Psychological symptoms that occur in some persons in a captive or hostage situation is referred to as Stockholm syndrome. It has established extensive media publicity in recent years because it has been used to clarify the behavior of such well-known kidnapping victims as Patty Hearst (1974) and Elizabeth Smart (2002). It’s name is from a bank robbery in Stockholm, Sweden, in August 1973. The robber took four employees of the bank (three women and one man) into the vault with him and kept back them hostage for 131 hours. After the employees were finally unconstrained, they appeared to have formed a ironic emotional bond with their captor; they told reporters that they saw the police as their opponent rather than the bank robber, and that they had affirmative feelings toward the criminal. The syndrome was first named by Nils Bejerot (1921–1988), a medical professor who specialized in addiction research and served as a psychiatric consultant to the Swedish police during the standoff at the bank and now Stockholm syndrome is also known as Survival Identification Syndrome.

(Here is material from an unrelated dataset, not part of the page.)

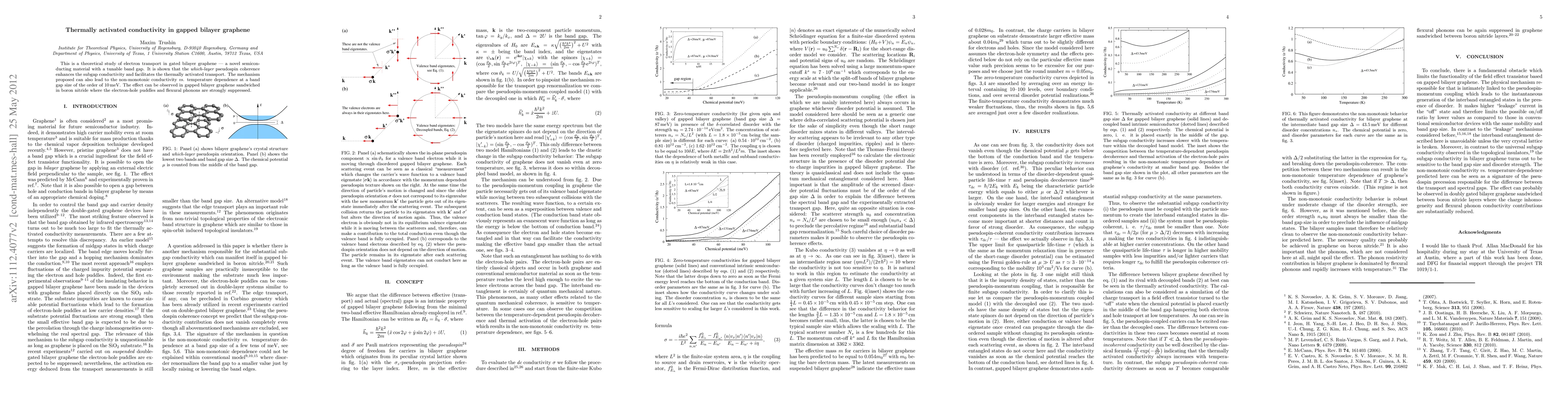 This is a theoretical study of electron transport in gated bilayer graphene - a novel semiconducting material with a tunable band gap. It is shown that the which-layer pseudospin coherence enhances the subgap conductivity and facilitates the thermally activated transport. The mechanism proposed can also lead to the non-monotonic conductivity vs. temperature dependence at a band gap size of the order of 10 meV. The effect can be observed in gapped bilayer graphene sandwiched in boron nitride where the electron-hole puddles and flexural phonons are strongly suppressed.

Critics say that the fundamental principles of the so-called syndrome is seen in a diversity of situations, such as domestic violence and abuse, and that it cannot be classified as a mental disorder. In cases of domestic violence, oftentimes the abused partner feels a sense of dependency towards the abuser, and stays with him or her while being abused, sometimes even shielding and lying about the situation to others; they might have compassion and ignore the abusive behavior, rather than being angry and sad about it. The Stockholm syndrome is known by other names such as trauma bonding or terror bonding; however, this syndrome is not often seen in captive scenarios, and its diagnostic criteria are not listed in the Diagnostic and Statistical Manual of Mental Disorders (DSM-V).
Treatment of Stockholm syndrome is combination of medications for short-term sleep disturbances and psychotherapy for the longer-term symptoms.